Now, the Minutemen will counter.

They will adjust more than 500 civilian volunteers assigned to foot and horseback patrols at scattered observation posts, called "laundry lines," along the Highway 281 corridor, which the U.S. Border Patrol considers a major alien- and drug-smuggling route.

"Hundreds of them cross over my property every day, cutting through or digging under the fences," said Dr. Vickers, a veterinarian, community leader and Republican state committee member.

Dr. Vickers has allowed the Minutemen to set up a makeshift headquarters on his 2,000-acre cattle ranch, which is about 70 miles north of the Mexican border, and persuaded his neighbors to open up about 100,000 acres of private land to the protesters.

Concerned about the threat of terrorism, rising violence, a flood of illegal immigration, and the ongoing damage and mounds of trash on the ranches, Dr. Vickers expects that total soon will grow to more than 800,000 acres.

"Our country is being invaded and it's about time something is done about it," said Dr. Vickers, who remains a close friend to his Texas A&M classmate Texas Gov. Rick Perry, a Republican.

The patrols here began Saturday as part of a nationwide vigil by the Minutemen from Texas to California along the Mexican border and in eight states along the Canadian border.

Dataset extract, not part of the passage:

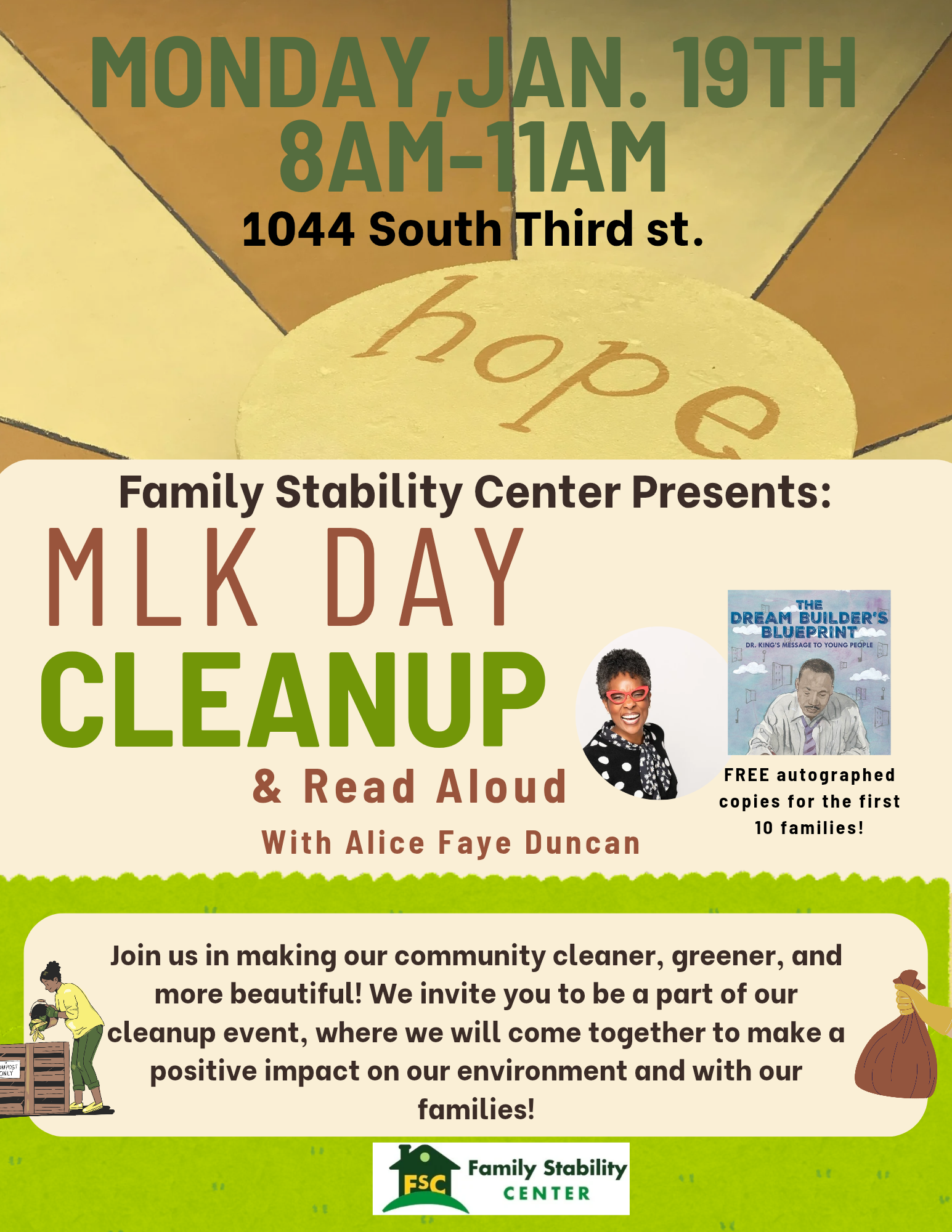 Join the Family Stability Center in making the community cleaner, greener, and more beautiful! All are invited to be part of the cleanup event, to come together to make a positive impact on the environment. Needed volunteer supplies will be provided. Please dress in weather-appropriate clothing and wear closed-toe shoes.

It was scheduled to run for 30 days, but now has been extended indefinitely.

Al Garza, president of the Minuteman Civil Defense Corps of Texas, said the civilian volunteers will stay at their posts until relieved by the National Guard. The decision is supported by Dr. Vickers, who said he is looking to recruit more than 1,000 Minuteman volunteers to man the Highway 281 corridor permanently.

"Congress and the White House need to wake up to the fact that we are here to stay," Mr. Garza said during an interview at the Minuteman group's Falfurrias camp. "We intend to be that 800-pound gorilla until they act to restore security on our nation's borders. We want to know when the rule of law [is] going to be reinstated."

Participants will report to the U.S. Border Patrol but will not detain those attempting to cross illegally into the United States.

A Marine veteran who served in combat during the Vietnam War, Mr. Garza described the number of posts and patrols here as a "carefully guarded secret" because of pending death threats, including some from the violent street gang Mara Salvatrucha, or MS-13.

But, he said, the sites were scouted out by senior members of the organization after meetings with local law-enforcement authorities, the Border Patrol and area landowners. He described the senior Minuteman officials who attended the meetings as mostly retired military personnel and retired law-enforcement authorities.

The announced figure of 500 could not be independently confirmed, but dozens of vehicles and campsites were observed at the organization's staging area on the Vickers property, about a mile off Highway 281. Unlike the Minuteman group's initial border vigil in Arizona in April, press access to the volunteers and the observation posts was heavily controlled.

"Congress and the White House would have you believe that the border cannot be secured," Mr. Garza said. "But we proved in Arizona that a physical presence on the border will deter illegal immigration."

Mr. Garza was one of the field coordinators of the 30-day Minuteman Project in Arizona, where 857 civilian volunteers shut down a 23-mile section of the U.S.-Mexican border to illegal aliens and drug smugglers.